Reliability Engineering: Predicting When Things Fail

On January 28, 1986, the Space Shuttle Challenger broke apart 73 seconds after launch, killing all seven crew members. The cause: an O-ring seal failed in the cold weather. NASA engineers had data showing O-rings behaved poorly at low temperatures — but they didn't have a mathematical framework for translating that data into a probability of failure on that specific cold morning. Reliability engineering provides that framework: the mathematics of predicting when components will fail and what that means for systems that depend on them.

The Bathtub Curve

Most manufactured components follow a characteristic failure rate pattern over their lifetime called the bathtub curve. Early in life, failure rates are high — "infant mortality" failures from manufacturing defects.
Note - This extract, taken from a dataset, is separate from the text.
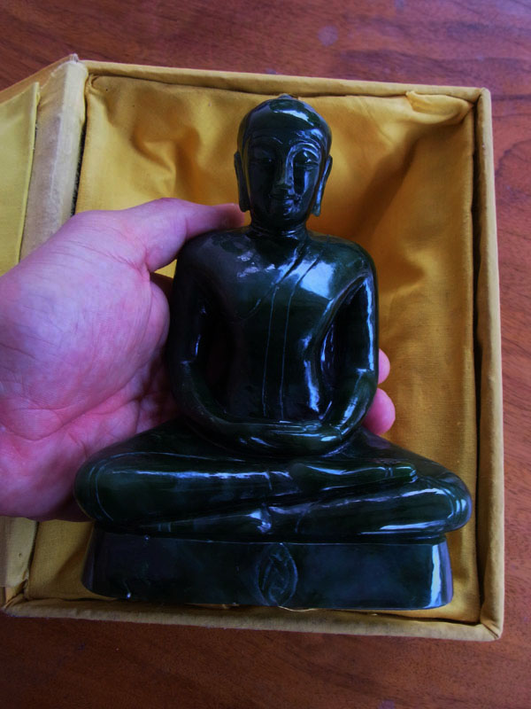 องค์นี้พึ่งนิมนต์มาสดๆร้อนๆครับ กว่าจะได้มาแสนยากครับ ยังดีที่ผู้ใหญ่ใจดีท่านแบ่งให้ครับ เพราะเป็นพระที่หายากส่วนมากก็เก็บหมดครับ เป็นพระพุทธรูปที่มีคุณค่ามากน่าบูชาครับ ทั้งคุณค่าในตัวองค์เนื้อพระพุทธรูปเอง ที่แกะจากหยกประเทศ แคนนาดา หยกที่สวยที่สุด และงดงามมากครับ และพุทธคุณครับ

These failures weed out quickly. In the middle period, failure rates are low and roughly constant — normal useful life. Late in life, failure rates rise again as components wear out. Understanding which phase a component is in determines the appropriate maintenance and replacement strategy.
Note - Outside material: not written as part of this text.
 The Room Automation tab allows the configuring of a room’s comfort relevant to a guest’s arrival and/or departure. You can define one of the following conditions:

Failure rate λ(t) over time: Early life: λ(t) high (manufacturing defects surfacing) Middle life: λ(t) \approx constant = λ (random failures) End of life: λ(t) rising (wear-out failures) During middle life (constant λ): Reliability R(t) = P(component survives past time t) = e^(-λt) Mean Time Between Failures (MTBF) = 1/λ

The exponential reliability function R(t) = e^(-λt) describes the probability of surviving past time t during the useful life phase. If λ = 0.001 failures per hour (MTBF = 1000 hours), then after 500 hours: R(500) = e^(-0.5) ≈ 0.61. There's a 61% chance the component is still working — and a 39% chance it's already failed. Engineers use this to schedule preventive maintenance before the failure probability becomes unacceptably high.

System Reliability: Series and Parallel

Real systems combine many components. How their individual reliabilities combine into system reliability depends on the architecture.

Series system (all components must work): R_system = R₁ \times R₂ \times R₃ \times ... (weakest link: any failure kills the system) Parallel system (at least one must work): R_system = 1 - (1-R₁)(1-R₂)(1-R₃)... (redundancy: system only fails if ALL components fail)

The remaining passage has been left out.